[[ DATASET open ]]

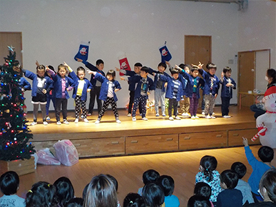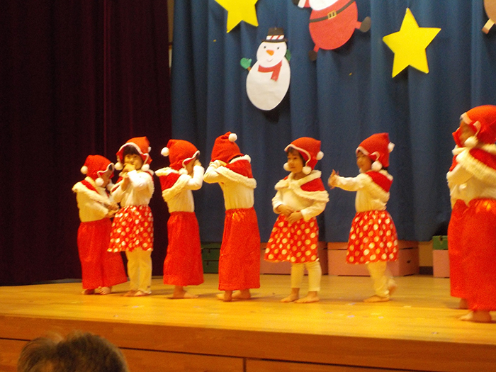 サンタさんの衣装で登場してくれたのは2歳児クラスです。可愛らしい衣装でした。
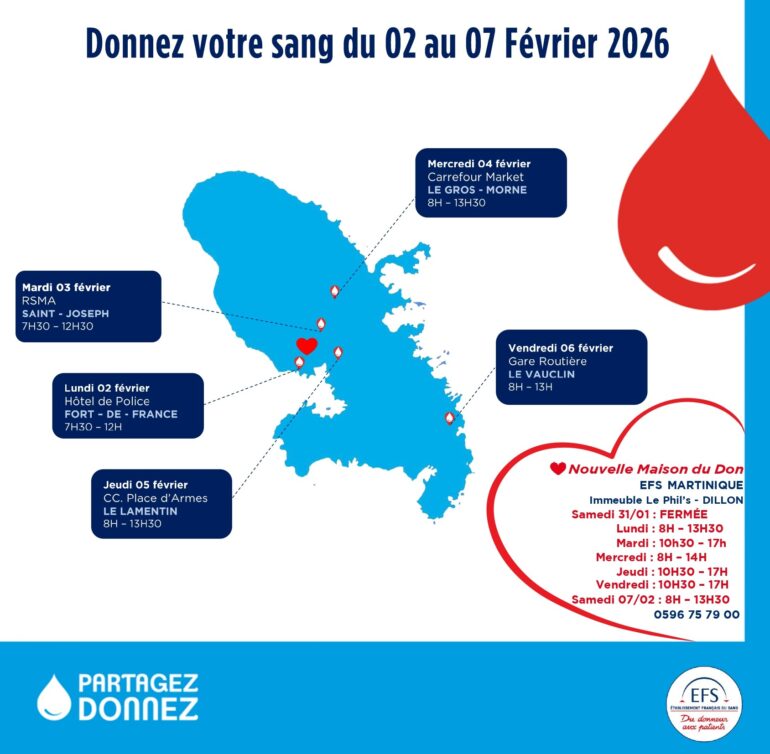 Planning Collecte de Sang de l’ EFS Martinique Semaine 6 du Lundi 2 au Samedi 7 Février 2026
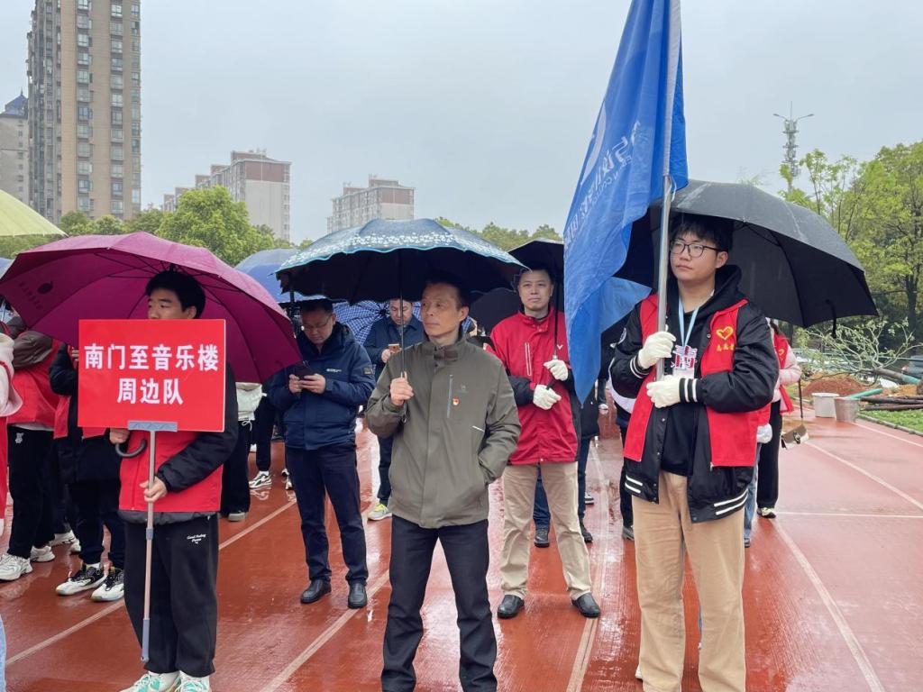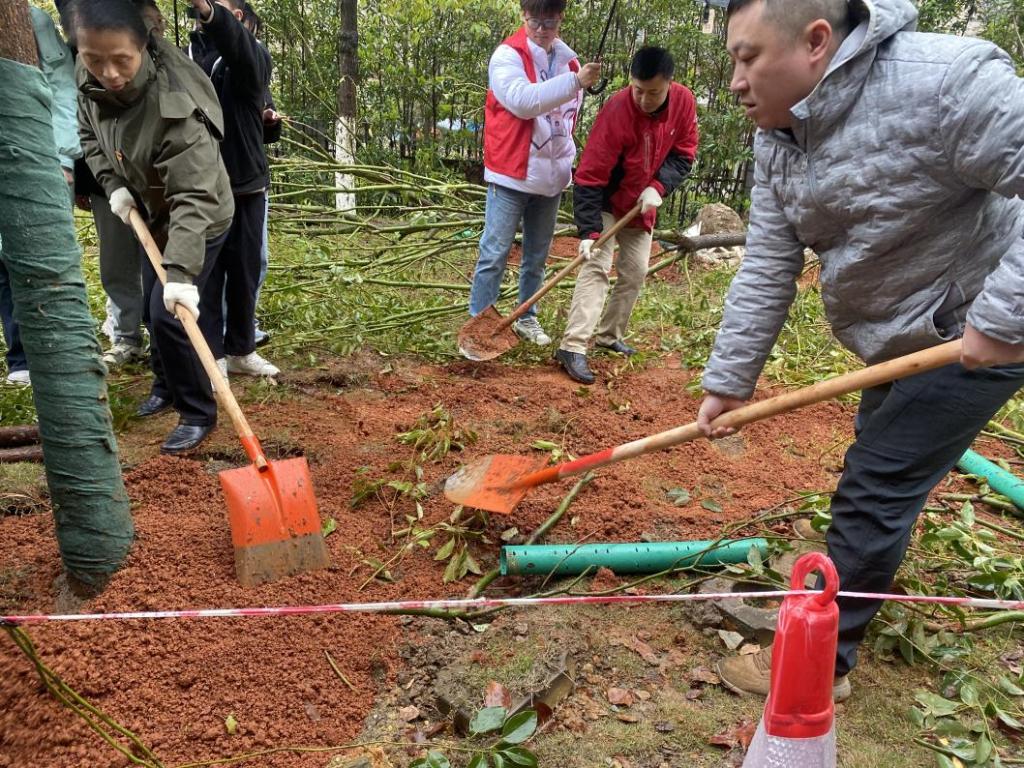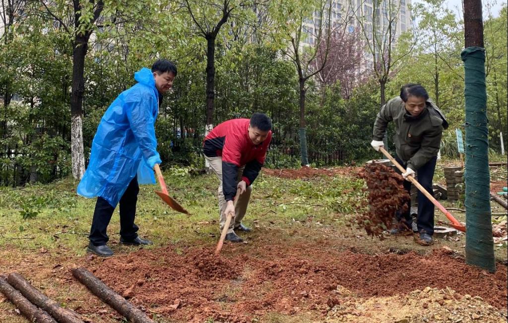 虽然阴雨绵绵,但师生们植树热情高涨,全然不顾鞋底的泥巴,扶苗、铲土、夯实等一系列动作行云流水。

[[ DATASET closed ]]
[[ DATASET open ]]

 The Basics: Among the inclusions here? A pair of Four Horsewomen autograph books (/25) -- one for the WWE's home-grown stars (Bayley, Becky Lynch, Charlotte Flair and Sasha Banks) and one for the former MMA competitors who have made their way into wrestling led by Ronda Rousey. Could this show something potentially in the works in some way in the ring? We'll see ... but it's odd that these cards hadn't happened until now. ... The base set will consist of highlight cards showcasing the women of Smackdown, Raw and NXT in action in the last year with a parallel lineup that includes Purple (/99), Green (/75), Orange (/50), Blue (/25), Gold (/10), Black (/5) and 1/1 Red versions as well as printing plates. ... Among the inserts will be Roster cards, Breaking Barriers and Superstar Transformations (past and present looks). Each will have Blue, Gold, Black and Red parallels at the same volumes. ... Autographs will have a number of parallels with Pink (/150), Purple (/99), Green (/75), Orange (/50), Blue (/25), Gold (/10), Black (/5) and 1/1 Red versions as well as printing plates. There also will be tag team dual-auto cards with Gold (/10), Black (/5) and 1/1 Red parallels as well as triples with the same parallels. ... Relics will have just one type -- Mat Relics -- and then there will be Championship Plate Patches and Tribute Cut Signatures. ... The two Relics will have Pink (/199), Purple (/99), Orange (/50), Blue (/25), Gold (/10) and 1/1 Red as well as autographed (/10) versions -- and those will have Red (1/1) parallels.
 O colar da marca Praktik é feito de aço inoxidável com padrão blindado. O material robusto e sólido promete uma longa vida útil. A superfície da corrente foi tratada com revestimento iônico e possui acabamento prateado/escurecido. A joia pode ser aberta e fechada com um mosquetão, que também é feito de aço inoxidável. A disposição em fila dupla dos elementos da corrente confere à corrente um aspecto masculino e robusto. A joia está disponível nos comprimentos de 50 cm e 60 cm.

[[ DATASET closed ]]

The reply should hold exactly the lines above, starting at the line with "サンタさんの衣装で登場してくれたのは2歳児クラスです。可愛らしい衣装でした。" and ending at the line with "虽然阴雨绵绵,但师生们植树热", and no pictures.

 サンタさんの衣装で登場してくれたのは2歳児クラスです。可愛らしい衣装でした。
 Planning Collecte de Sang de l’ EFS Martinique Semaine 6 du Lundi 2 au Samedi 7 Février 2026
 虽然阴雨绵绵,但师生们植树热情高涨,全然不顾鞋底的泥巴,扶苗、铲土、夯实等一系列动作行云流水。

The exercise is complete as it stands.